Proceeds from the four partial privatisations will bring the total to $4.7 billion NZD. Those sales saw 49% of the state controlled power companies (Mighty River Power, Meridian Energy (1.76 and 1.96) and reduced government shareholding in Air NZ from 74% to 51% ($365m)) – sold into private hands.
A citizen’s referendum last November found two thirds of those who voted opposed the policy.
Whilst the greatest economic power in the world grew to such status through privatisation and the emerging markets of the world are gradually following this example – our financial and economic decision making is mired in political spin and lack of economic reality. Solid Energy and the recent fraud exposure of a former Mighty River Power manager are examples of state run business governance.

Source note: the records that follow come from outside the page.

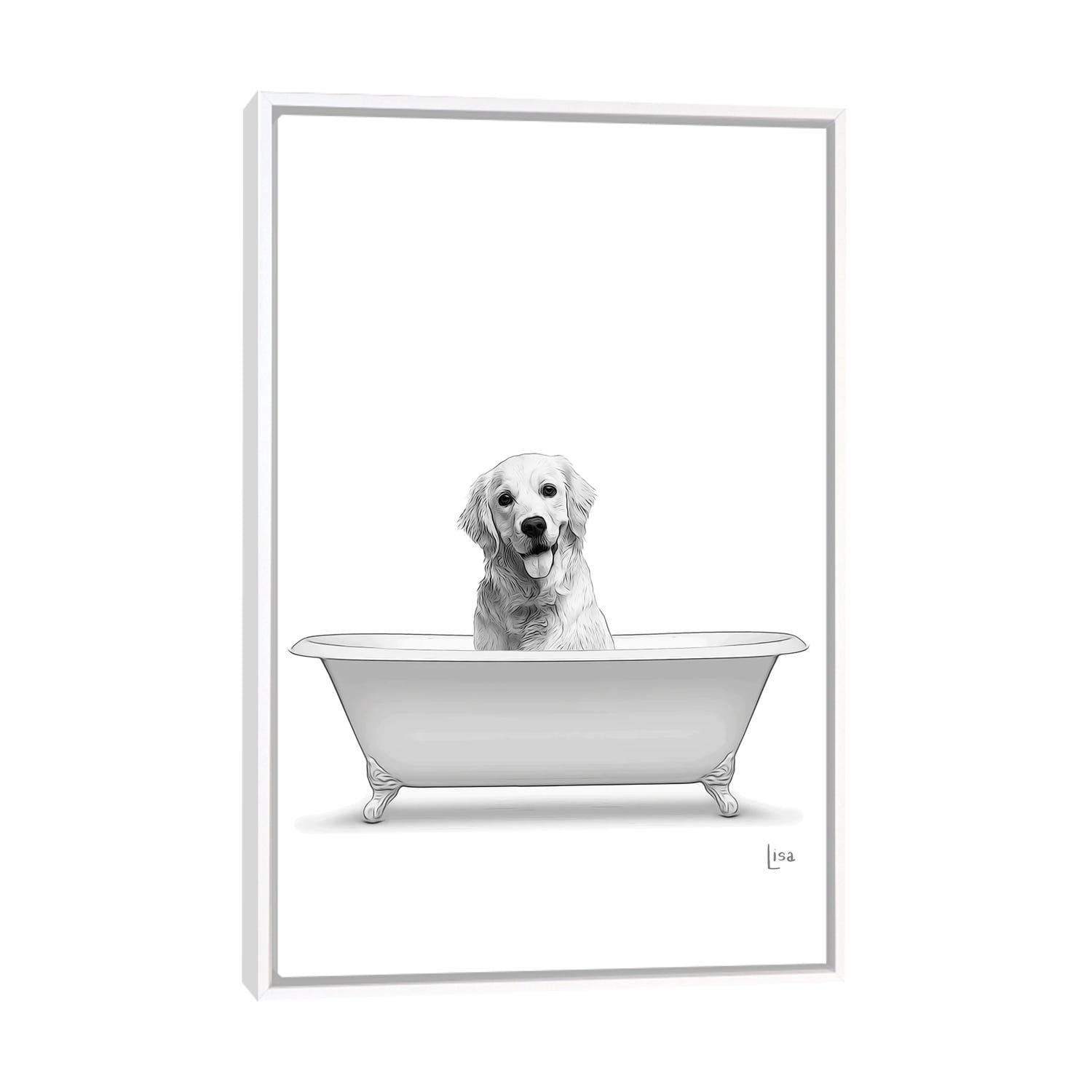 iCanvas "Golden Retriever Dog in Bathtub" by Printable Lisa's Pets Framed Canvas Print
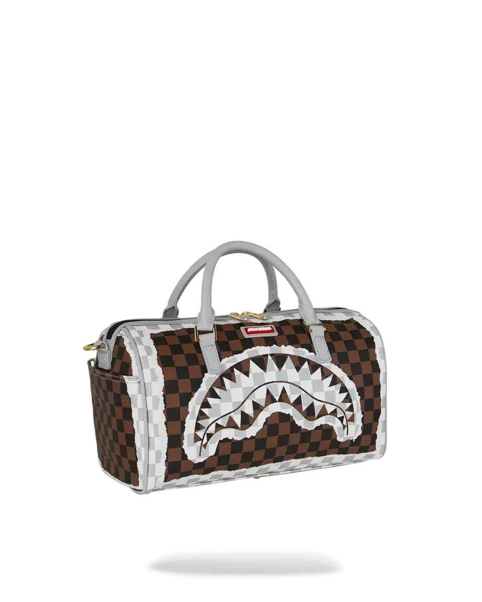 Ausgeschnittene und genähte Haifischmaulform mit geprägtem silbernen Folienbuchstaben.
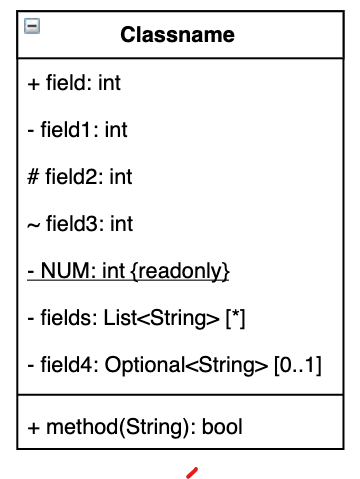 앞에 +, -, #이 붙는데 +는 public, -는 private, #은 protected, ~는 default를 의미합니다.
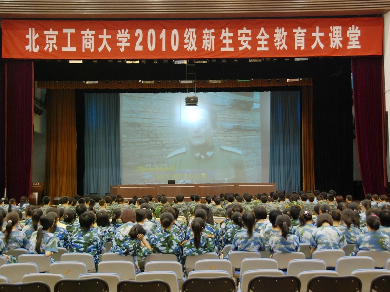 9月2日下午1:30,2010級新生安全教育大課堂在我校良鄉校區文體館二次開課。保衛處處長頓勁松以“消防安全”為主題進行了精彩的演講。講座由保衛處副處長陶偉主持。2010級經濟、藝傳、機械、外語、法學等學院全體參訓學員認真聆聽了本次講座。

Do we need more examples – ACC, Health, Education – public company governance is far more likely to extract efficiencies – surely that’s what we need.
As for the sector and Genesis (utility/energy) – could be, should be an ok yield for those investors requiring income. As for the country – NZ (part of EAFE) should be part of a diversified portfolio. As for owning the individual share (that would depend on your plan!) As for the company itself – well I think it’s well named – perhaps it really is the ‘origin or development of something’ – perhaps that something can be a greater interest and awareness of economics and finance.
I certainly hope so.
The information provided in this blog is not intended to be a substitute for professional advice. You may seek appropriate personalised financial advice from a qualified professional to suit your individual circumstances.